I was able to produce a sketch that will simply display any text received via MQTT. Perfect. I plan on using this cobbled together with Node-Red. That way I can have one screen and send multiple sensor readings to it with minimal coding and parts. There are a few things I still need to figure out. For example I can’t get the screen to clear. Perhaps thats what the OLED reset pin was for? But my OLED only has four pins; SDA, SCL, Vcc and Ground. No reset. What to do? I think that is actually the only thing I need to work out. The Adafruit code will wrap your text to new lines, so make a note of that. I have gotten around clearing the screen by injecting spaces via MQTT. Its a little more effort in Node-Red for now until I get that down. But it works. It doesn’t matter how you get there as long as you get there right?

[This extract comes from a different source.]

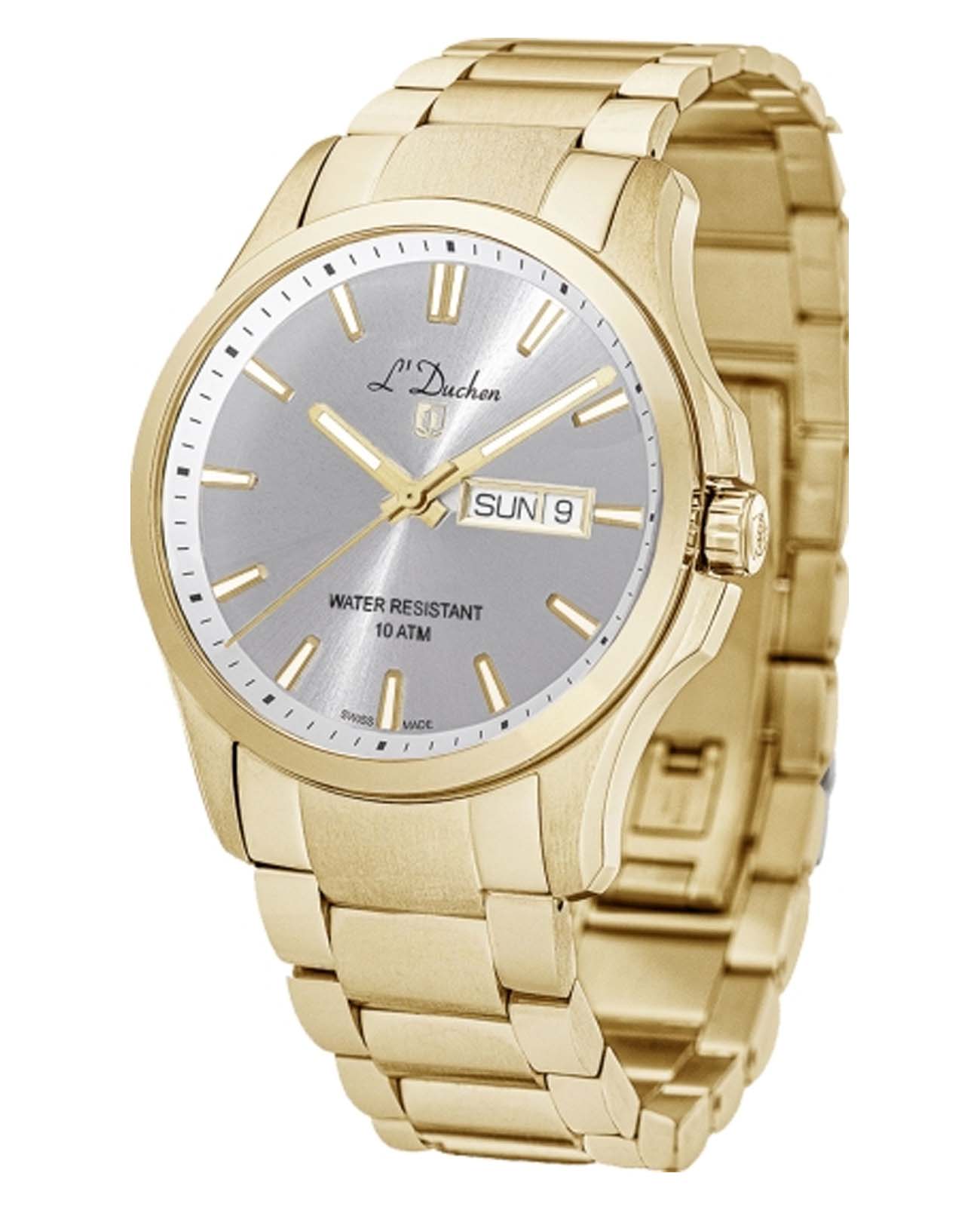 Мужские швейцарские часы L'Duchen Dynamique D 261.20.33, кварцевый механизм с высокой точностью. Сапфировое стеклоСапфировое стеклоПрочный и надёжный материал из кристалла сапфира синтетического происхождения, характеризующийся особой твёрдостью и устойчивостью к царапинам и повреждениям. устойчивое к появлению царапин, обладающее высокой прозрачностью. Корпус часов выполнен из нержавеющей стали с PVD-покрытиемPVDУльтратонкое покрытие наносится в технике вакуумного напыления, сочетает в себе нитрид титана особой прочности со слоем золота или оксида хрома. Несёт в себе декоративную или защитную функцию.. Стрелки с люминесцентным покрытиемЛюминесцентное покрытиеПозволяет считывать показания времени в темноте. Производители наносят на стрелки, часовые индексы, безель или поверхность циферблата светонакопительный состав, дающий холодное свечение.. Класс водозащиты: 100 метров, позволит плавать, нырять и заниматься другими водными видами спорта. Стальной браслет с PVD-покрытиемPVDУльтратонкое покрытие наносится в технике вакуумного напыления, сочетает в себе нитрид титана особой прочности со слоем золота или оксида хрома. Несёт в себе декоративную или защитную функцию. на застёжке «бабочка» с кнопкамиЗастёжка "бабочка"Такой вид застёжки дополняется предохранителями, помогающими избежать случайного раскрытия браслета. Обладают изящным исполнением. .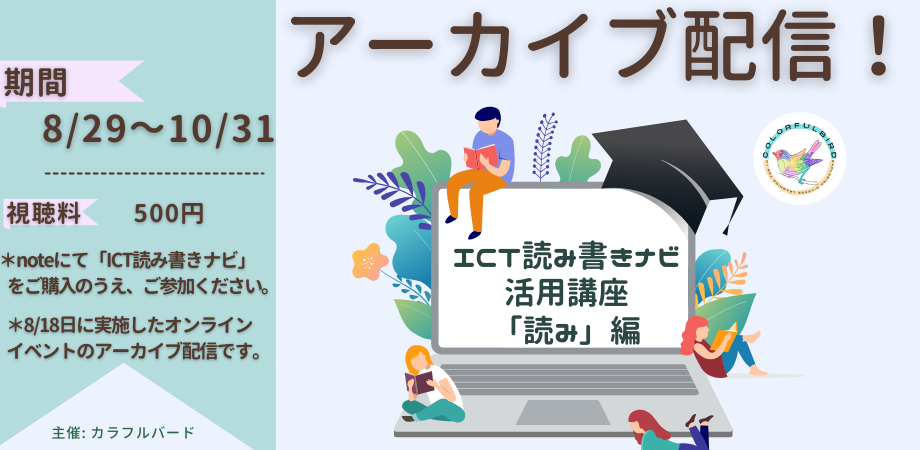 📘「ICT読み書きナビ」活用講座~「読み」編~【アーカイブ配信】 「読み書きを助ける」ICTの使い方を一緒に学んでみませんか? カラフルバードではこれまで、『ICT読み書...

I Program the ESP via the Arduino IDE, if you don’t know how to set that up take a stroll down Google lane. Tons of help there on that topic. As it stands in the code below, once powered up the OLED should flash the Adafruit logo until a message is received then it will display the message until a new one is received. Simple. The default topic is “inTopic”, and the default OLED font size is 1. I have tried a font size of 2 but no higher. I also stumbled upon this library here. Much smaller and designed just for text. May try that in the future, but if it ain’t broke don’t fix it.

Items Required:
(1) ESP-01 (mine is a standard ESP-01 from eBay)
(1) OLED I2C Screen (I used a 0.96″ 4pin OLED also off eBay)

IDE Library Requirements:
Wire
Adafruit GFX
Adafruit SSD1306
ESP8266WiFi
PubSubClient

Some places that helped
https://learn.adafruit.com/monochrome-oled-breakouts/arduino-library-and-examples
https://github.com/adafruit/Adafruit-GFX-Library
https://learn.adafruit.com/adafruit-gfx-graphics-library/using-fonts
https://learn.adafruit.com/adafruit-gfx-graphics-library/graphics-primitives
https://github.com/knolleary/pubsubclient

This was the tutorial that helped me get what I have going. I couldn’t get the OLED to work quite right until I came across this post. I used it as the base for what I have.
http://randomnerdtutorials.com/guide-for-oled-display-with-arduino/

This page helped but not until I specified the SDA, SCL pins for the ESP. I couldn’t get the display to work properly and do what I wanted.